Marcel Duchamp, avangard bir dövüşçüydü. Ne söylediğini çok iyi biliyordu ve yerleşmiş sanatsal kalıplara, sosyal örüntülere ve politik saçmalıklara karşı inanılmaz bir karşı duruş sergiliyordu.

Maurizio Cattelan’ın tavrında avangard unsurlar var ama bunlar büyük oranda piyasa tarafından hızla emilerek öğütülme potansiyelini de içinde taşıyor.

Hatta sanatçısı tarafından bunlar özenle buraya yerleştiriliyor da diyebilirim. Dolayısıyla Duchamp ile Cattelan’ı aynı potada değerlendirmenin yolu yok.

Belki daha çok Andy Warholvari, piyasayla çok iç içe bir pozisyonu var Cattelan’ın, ancak Warhol’daki sanatsal yeni perspektifler yaratma, birliktelikler üretme potansiyeli de yok tabii. Bu yönüyle avangardın suyunun suyunun suyu desek yeridir Cattelan için. Ancak her seferinde ısrarla altını çiziyorum: biz bir yapıtı piyasanın bize gösterdiği şekilde görmek zorunda değiliz. Sanatın gücü buradadır. Bakmanın her zaman başka biçimleri olduğunu anımsatır bize sanat. Biz, toplumsal algıyı taciz etmek için duvara asılmış muzu duvardan söküp sahibini taciz etmek için her zaman kullanabiliriz. Comedian’ın oyununa bu da içkindir. Ez cümle, sanat bizim onda gördüğümüz olanaklarla ilgilidir. Piyasanın onda gördüğü meta olarak değerini tartışmayı aşabilirsek kendi sorunlarımıza odaklanabileceğiz diye düşünüyorum. Kitabımızın amaçlarından en önemlisi buydu bence.

Bu kitap sonrası yine editörlüğünü üstleneceğiniz çağdaş sanatın gündemine has farklı seriler gelecek mi?

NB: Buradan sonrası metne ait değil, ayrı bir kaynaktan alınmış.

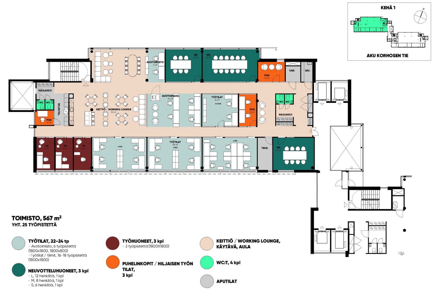 Suurempaan tilantarpeeseen soveltuva toimisto, jossa on mahdollista toteuttaa erilaisia tilaratkaisuja. Tilasovituksesta riippuen tilaan on mahdollista sijoittaa 30-50 työpistettä. Vetäytymis-, neuvottelu- ja avotilan määrää mahdollista muokata tarpeen mukaan.
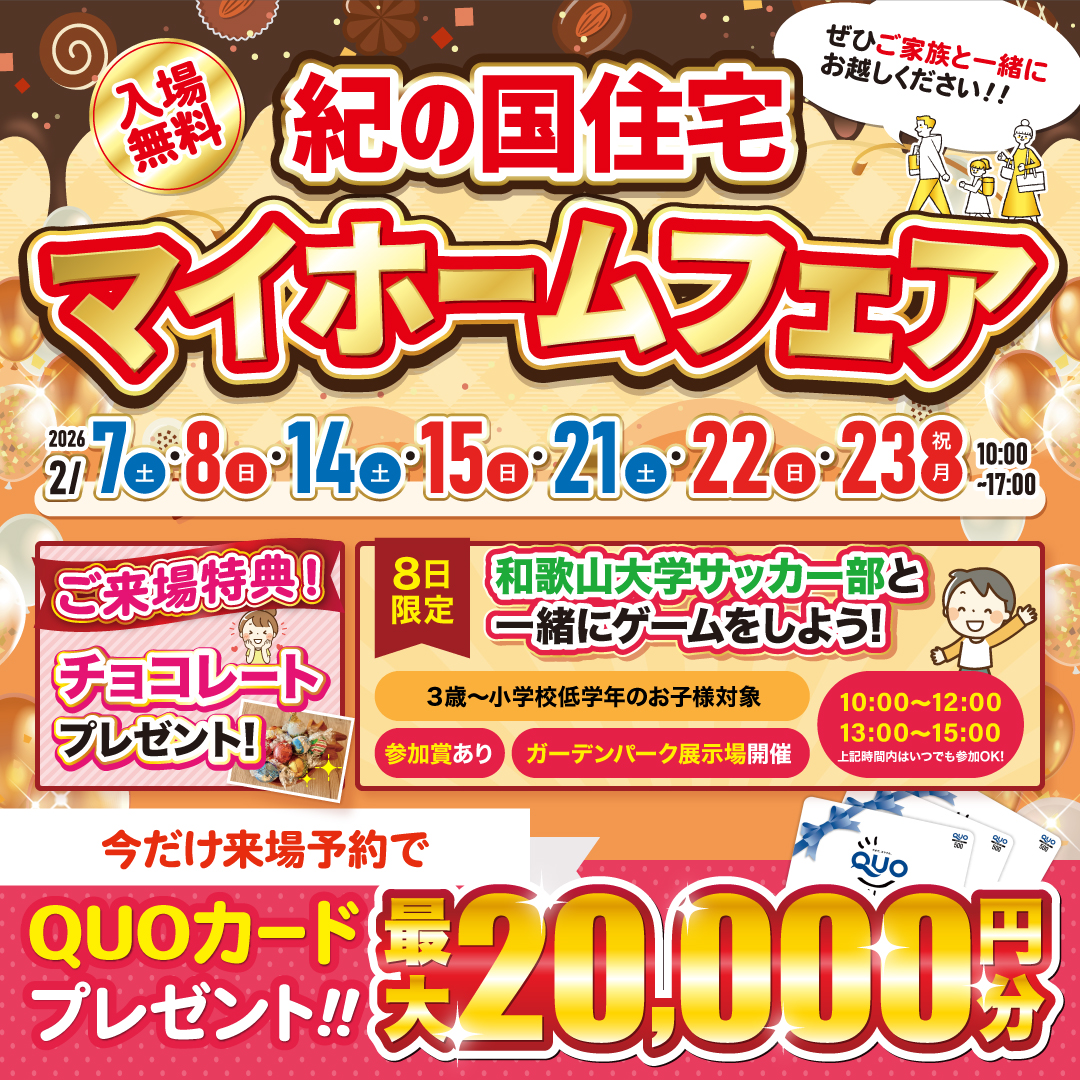 2026.01.31 【インター展示場、ガーデンパーク展示場、小雑賀展示場、岩出・紀の川展示場、貝塚展示場 5店舗同時開催】2/7(土)・8(日)・14(土)・15(日)・21(土)・22(日)・23(月)マイホームフェア☆

Başta söylediğim gibi, Livera Yayınları ile kalkıştığımız hareket, piyasanın kendisinin olduğu kadar, ona karşı imiş gibi geliştirilen eleştirinin de bayağılığına karşı sanat lehine bir atak geliştirebilme çabası idi. Ben bunun avangardda gizli olduğunu düşünüyorum hep. Hücum Yayınlar bu olanağın üzerine hep birlikte düşünüp geliştirebileceğimiz bir platform olacak umarım. Yeni bir hücum hazırlığı içindeyiz. Sanat piyasasını epeyce meşgul eden ve hem üretimi hem eleştirisiyle kitsch sınırlarının ötesine geçemeyen bir başka sanat olayına karşı bir salvo yolda diyeyim şimdilik.